In “Foreign Aid and the Weakening of Democratic Accountability in Uganda,” Mwenda calls into question the effects of foreign aid and debt relief in a country widely considered to be among the most successful aid recipients in Africa.

“Most of Africa’s problems are internal, not external, and concern domestic policies and institutions,” writes Mwenda, the political editor of the Daily Monitor, a newspaper in Kampala, Uganda. “Until those internal problems are addressed, no amount of Western assistance will bring Africa out of poverty. In fact, Western assistance could postpone much‐​needed reforms in the way that African countries are governed.”

Mwenda argues that foreign aid, which makes up 50 percent of the Ugandan government’s budget, provides the government with an unearned source of revenue. When African governments look for revenue in the pockets of international donors, they do not feel the need to pursue economic policies that lead to economic growth. Moreover, they are not forced to strike political compromises with domestic constituencies that would, in the long run, lead to more government accountability.

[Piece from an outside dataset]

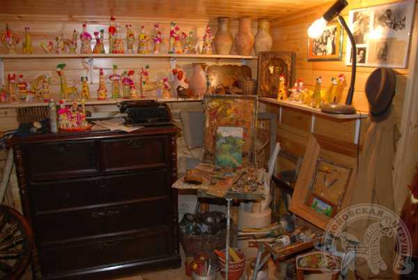 Автор статей по народному искусству На протяжении’ многих лет организовывал персональные художественные выставки в поселке и проводит встречи с учащимися школ поселка и района как художник – живописец, игрушечник и поэт. В 2012 году в доме художника была открыта мастерская-музей. На фото выше — кадры из музея-мастерской.

Debt relief can lead to further increases in debt and does not address the problem of government waste. For example, following debt relief in 1998, the Ugandan government bought a private jet for the president that cost US$35 million. Debt relief has also allowed the government to borrow still more, remain heavily indebted, and significantly increase political patronage.

“Throwing money at governments is certainly not the right way to make them fiscally prudent,” says the author. “Uganda’s experience is important because it demonstrates the weakness of the arguments for more aid and debt forgiveness.”

When looking for the money needed to pay for policies that improve the welfare of the citizens, governments should listen to domestic constituencies that include the private sector and put into place policies that expand output. “Increased output, combined with trade liberalization, allows producers to sell their goods abroad and become more prosperous in the process,” concludes Mwenda.